Love, As Always, Pete

The Weekly Letters, by A. Pedersen Wood

March 22, 2000

Dear Everyone:

For my birthday this year, Mother, bless her heart, sent me a deluxe soap dispenser for the shower.  Seems she may have noticed all the suction-cup shelves filled with various pump and squeeze bottles required for a properly equipped bath. 

The dispenser has four tanks, for holding up to four liquids like soap, shampoo, body wash and the like.  Four is hardly enough for a person who uses three different types of soap just to wash her face; but it goes a long way towards clearing some badly-needed elbow-room.  (Bumping elbows with a suction-cup shelf is one of the best ways to loosen it enough for it to come crashing down at around 2:00 in the morning.) 

Not being willing to try drilling holes in shower tiles, I opted to use the “silicon adhesive” that also came with the dispenser, for the purpose of attaching the mounting bracket to the wall.  (This allows you to remove the actual dispenser, should you ever feel the need.)  I waited patiently for the requisite 48 hours to allow the “silicon adhesive” to properly dry.  Then I filled all four tanks and looked forward to our first bath together. 

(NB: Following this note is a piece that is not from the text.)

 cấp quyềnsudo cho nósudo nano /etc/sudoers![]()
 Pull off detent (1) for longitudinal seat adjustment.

It was during our first bath together that I realized I had no idea how to make the thing work.  The instructions, which came in two languages (one of which I identified as English, couldn’t begin to guess at the other, although the actual dispenser was made in Italy), and which were all about how to fix the mounting bracket to the wall and about how not to send the dispenser back to the manufacturer if it malfunctioned, even though it had a two-year warranty; gave no real clue as to how to get the dispenser to dispense. 

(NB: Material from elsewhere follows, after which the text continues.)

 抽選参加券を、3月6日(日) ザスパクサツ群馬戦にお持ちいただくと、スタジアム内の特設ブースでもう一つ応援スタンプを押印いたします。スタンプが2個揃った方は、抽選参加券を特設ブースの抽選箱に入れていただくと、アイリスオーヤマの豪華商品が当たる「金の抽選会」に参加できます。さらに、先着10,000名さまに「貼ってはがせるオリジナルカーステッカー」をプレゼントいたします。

Luckily, I had not removed any pump and/or squeeze bottles from the shower area; I had merely moved them from one suction-cup shelf to another.  So I was able to take my Sunday night bath without serious repercussions.  Monday night, I took another stab at getting the push-buttons on front of the dispenser to work.  And this time, I was able to get three out of four tanks to release their contents in the appropriate manner.  (Note for future reference:  There’s a sort of priming of the pump required here to get everything flowing properly.) 

As for the third, non-flowing tank, I determined that the “detangling solution” (hair conditioner) was too thick for the dispenser, being more gel-like than liquid.  Replacing it with something else would not be a problem, if I could just figure out a way to remove the current contents from tank three without disturbing the occupants of tanks one, two and four.  Sure, I could lift the whole dispenser off the wall bracket, but then what?  If I tried to pour the conditioner out, you can just imagine what would happen to everything else. 

Which is where the kitchen utensils came into play.  It’s quite amazing what you can do in just a few minutes with a gravy ladle, a bowl, a measuring cup, some warm water, and a turkey baster.  Worked like the proverbial charm.  Hair conditioner replaced with another liquid face cleanser. 

And, next Thanksgiving, if the turkey has an exotic flavor, well, at least it’s well de-tangled. 

Thanks, Mom!  Now if I can just keep which one is which straight. 

In other news… 

One reason I never got around to doing my taxes last weekend is that “Jeannie” and I decided to go and see Erin Brockovich.  Julia Roberts plays Erin and, make no mistake, this is Erin’s story.  Erin is an unemployed single mother of three, with very little education, who lands a job at a small-time law firm headed by Albert Finney as the gruff, but kind-hearted, lawyer who lets her work as a file clerk. 

Let me let you in on a little secret:  In any business office, it is the file clerks who really know what’s going on.  They read everything.  In no time, Erin discovers a discrepancy in a real estate file.  Why would PG&E, who is in the process of buying a piece of property, be paying the medical expenses of the property owners? 

Erin starts investigating and soon uncovers the truth:  The property owners, and a lot of their neighbors, have become sick as a result of possible wrong-doing on the part of PG&E.  Soon Ed, the gruff but kind-hearted lawyer, who was looking forward to coasting his way to retirement, has an enormous possible class-action suit in front of him.  And Erin, in tight clothes and high-heels, is busily working her way over more gravel roadways, digging up even more prospective clients. 

These are working-class people and they relate to Erin in a way they never could to a lawyer, even a small-time one.  Erin speaks their language.  And when she tells a snooty female lawyer in an expensive suit and sensible shoes, exactly where to get off, the audience cheers. 

Erin has her ups and downs, of course, taking the job to support her kids, then getting so caught up in the drama that the kids accuse her of ignoring them.  She dresses like trash, then complains that no one takes her seriously.  In fact, try hard to spot the one scene in which at least one part of her bra is NOT showing. 

There are a number of discrepancies in the film, like the tough biker dude neighbor.  But, all in all, it’s a pleasant piece, even when you know going in how it’s going to end.  Watch for Peter Coyote in an ironic role.  He currently makes his “bread and butter” money doing voice-overs for a popular water filtration system, something that wouldn’t have helped these people one little bit.